TRY IT ->
Please repeat the data exactly. Any picture in it stays out.
::: DATASET EXCERPT
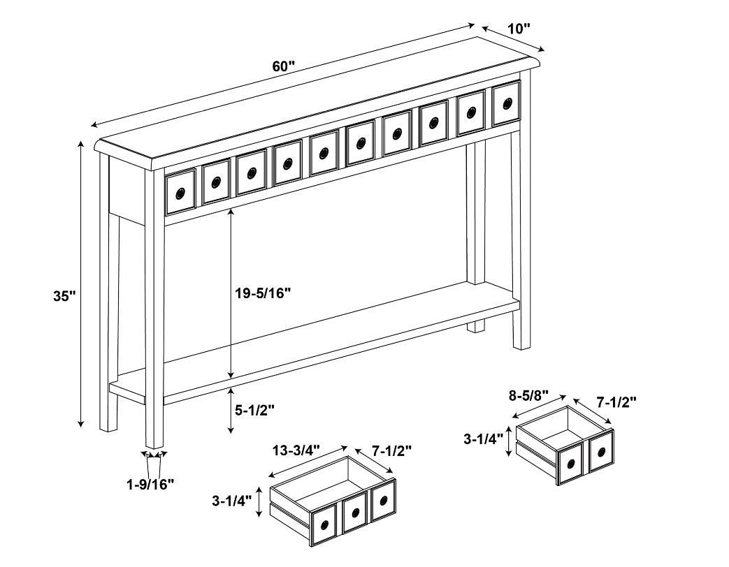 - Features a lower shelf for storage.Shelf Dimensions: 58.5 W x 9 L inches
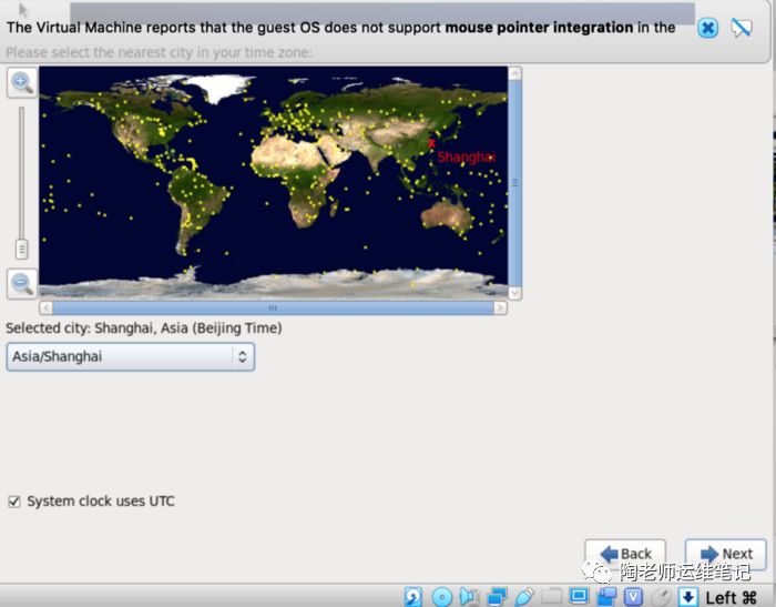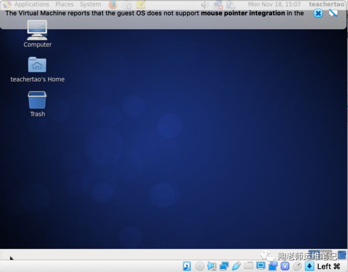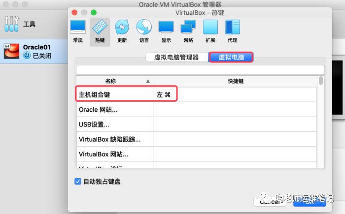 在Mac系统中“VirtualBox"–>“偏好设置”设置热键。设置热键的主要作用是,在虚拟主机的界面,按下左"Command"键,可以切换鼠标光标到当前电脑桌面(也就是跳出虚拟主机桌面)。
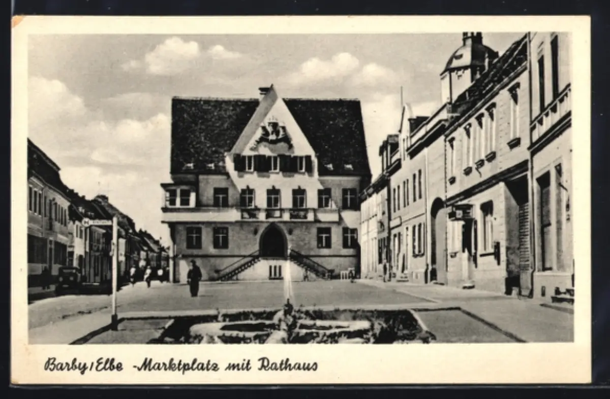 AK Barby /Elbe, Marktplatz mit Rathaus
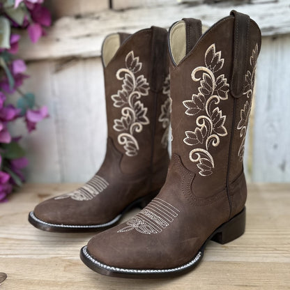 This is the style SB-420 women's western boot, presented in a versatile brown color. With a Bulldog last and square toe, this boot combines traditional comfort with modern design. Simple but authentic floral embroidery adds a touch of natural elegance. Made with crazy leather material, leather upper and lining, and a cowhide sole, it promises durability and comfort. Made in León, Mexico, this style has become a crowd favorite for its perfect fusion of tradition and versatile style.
::::::
WRITTEN ANSWER ->
 - Features a lower shelf for storage.Shelf Dimensions: 58.5 W x 9 L inches
 在Mac系统中“VirtualBox"–>“偏好设置”设置热键。设置热键的主要作用是,在虚拟主机的界面,按下左"Command"键,可以切换鼠标光标到当前电脑桌面(也就是跳出虚拟主机桌面)。
 AK Barby /Elbe, Marktplatz mit Rathaus
 This is the style SB-420 women's western boot, presented in a versatile brown color. With a Bulldog last and square toe, this boot combines traditional comfort with modern design. Simple but authentic floral embroidery adds a touch of natural elegance. Made with crazy leather material, leather upper and lining, and a cowhide sole, it promises durability and comfort. Made in León, Mexico, this style has become a crowd favorite for its perfect fusion of tradition and versatile style.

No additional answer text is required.